**DATA EXCERPT:**
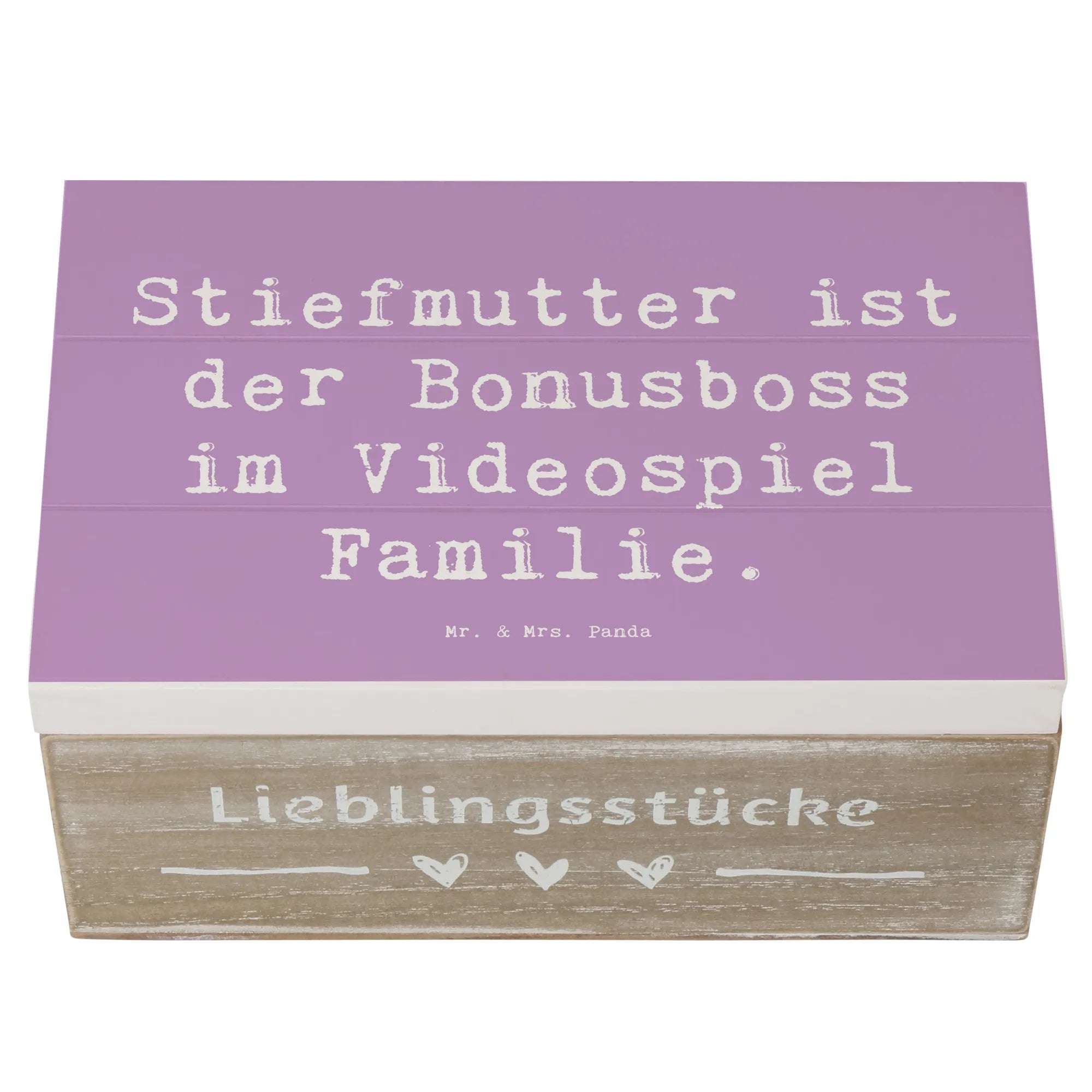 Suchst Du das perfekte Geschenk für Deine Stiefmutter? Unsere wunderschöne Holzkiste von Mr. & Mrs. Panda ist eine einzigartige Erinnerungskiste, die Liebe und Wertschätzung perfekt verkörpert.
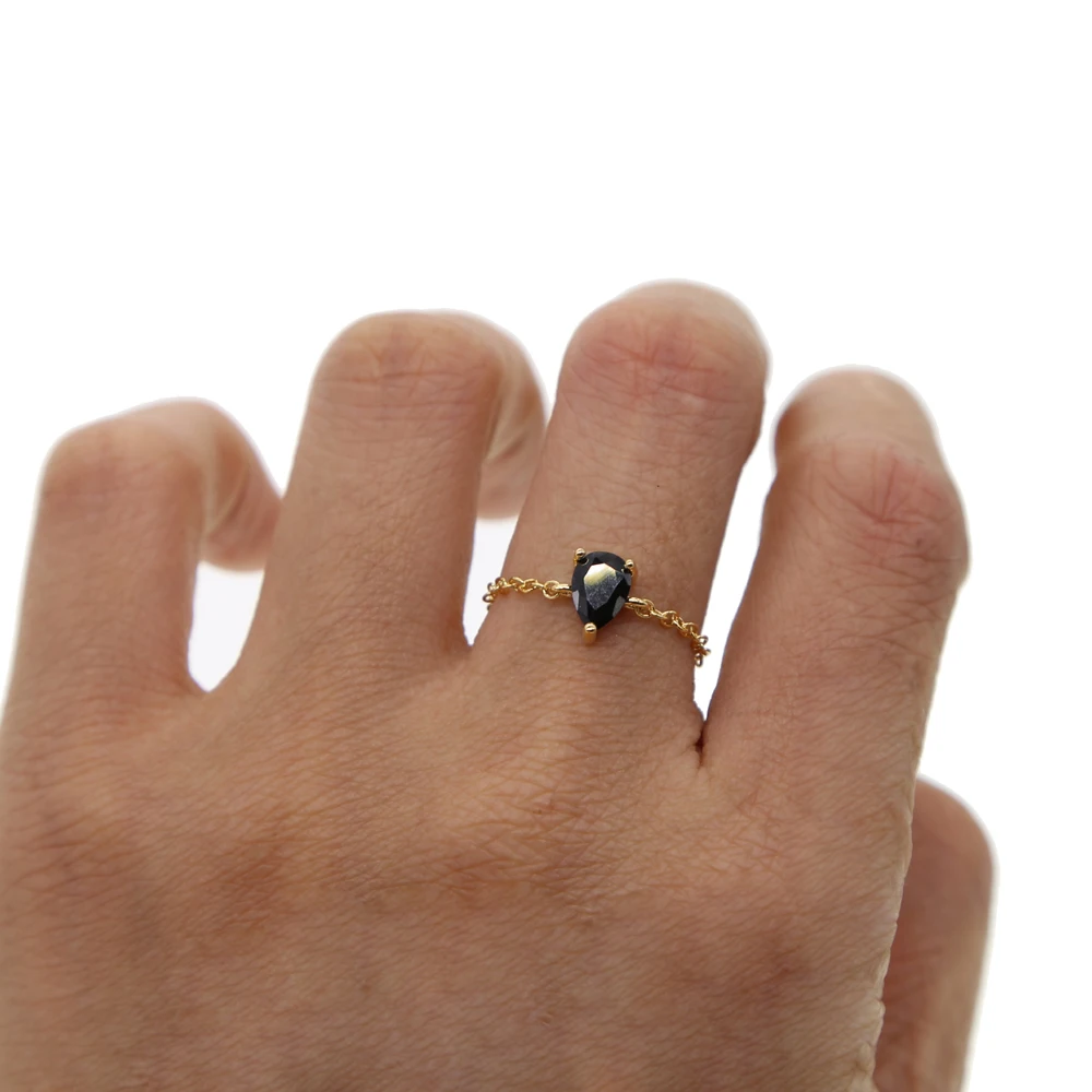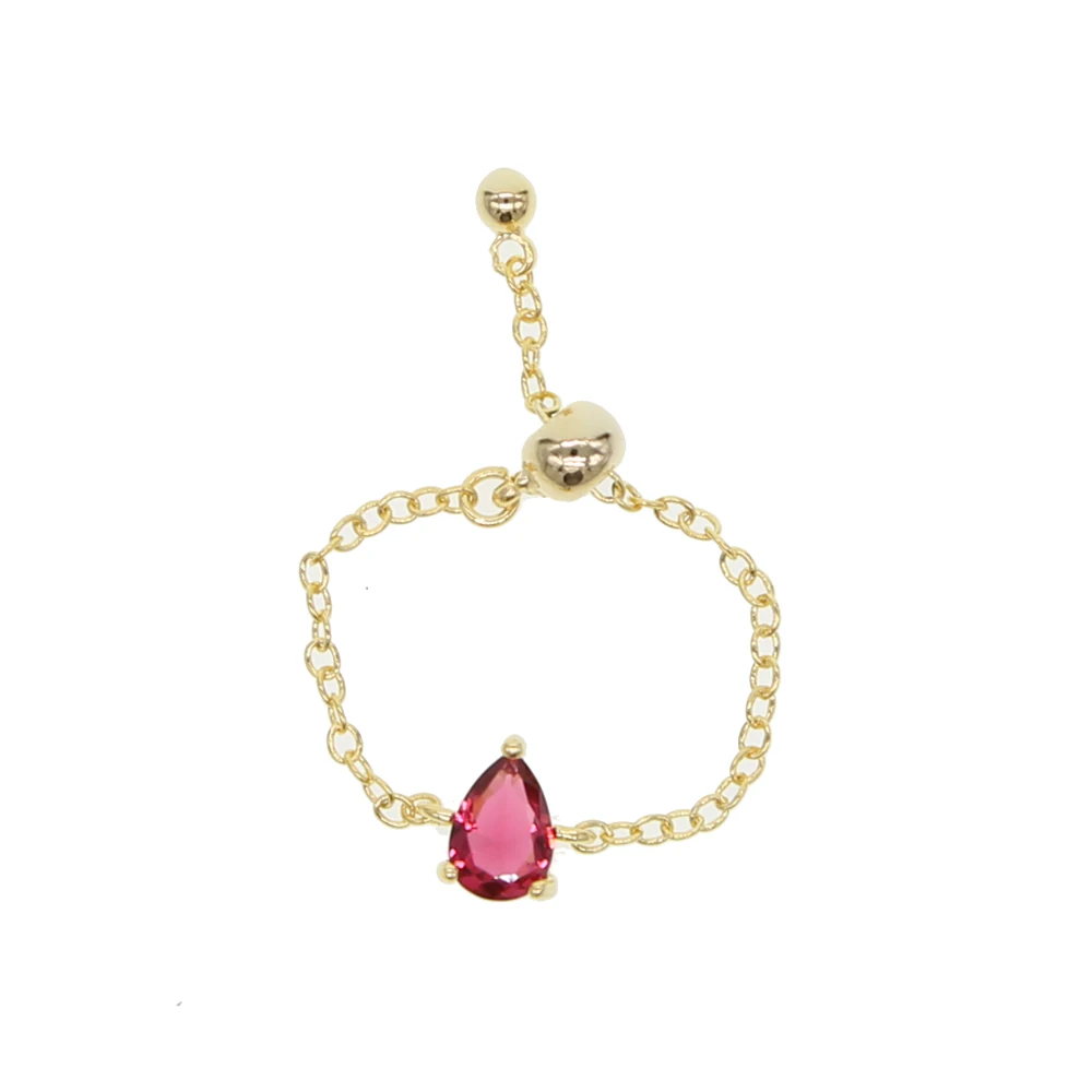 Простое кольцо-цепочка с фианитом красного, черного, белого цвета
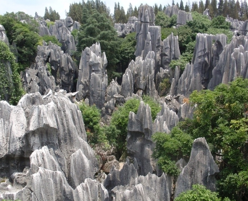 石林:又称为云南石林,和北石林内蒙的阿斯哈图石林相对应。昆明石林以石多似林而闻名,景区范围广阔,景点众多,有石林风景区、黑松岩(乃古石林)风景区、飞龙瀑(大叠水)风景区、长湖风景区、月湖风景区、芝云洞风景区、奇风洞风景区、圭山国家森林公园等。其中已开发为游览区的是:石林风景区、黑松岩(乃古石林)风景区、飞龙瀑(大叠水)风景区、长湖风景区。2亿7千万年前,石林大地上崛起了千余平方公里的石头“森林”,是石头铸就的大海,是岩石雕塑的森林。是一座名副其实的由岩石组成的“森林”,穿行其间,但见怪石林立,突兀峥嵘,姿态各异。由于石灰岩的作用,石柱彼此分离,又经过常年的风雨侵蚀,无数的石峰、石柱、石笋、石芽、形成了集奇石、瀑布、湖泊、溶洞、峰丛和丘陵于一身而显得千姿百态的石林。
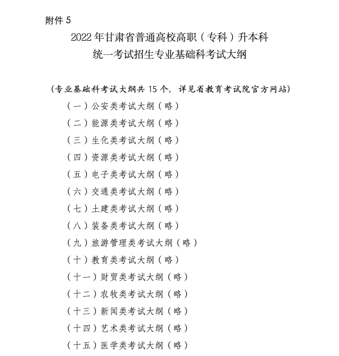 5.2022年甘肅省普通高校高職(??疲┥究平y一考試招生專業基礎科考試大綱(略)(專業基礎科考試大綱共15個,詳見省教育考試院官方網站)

**WORK TO COMPLETE:** Only the lines from the top of the material above down to the line bearing "Простое кольцо-цепочка с", that line included, should be set down exactly; no pictures.

**EXPECTED OUTPUT:**
 Suchst Du das perfekte Geschenk für Deine Stiefmutter? Unsere wunderschöne Holzkiste von Mr. & Mrs. Panda ist eine einzigartige Erinnerungskiste, die Liebe und Wertschätzung perfekt verkörpert.
 Простое кольцо-цепочка с фианитом красного, черного, белого цвета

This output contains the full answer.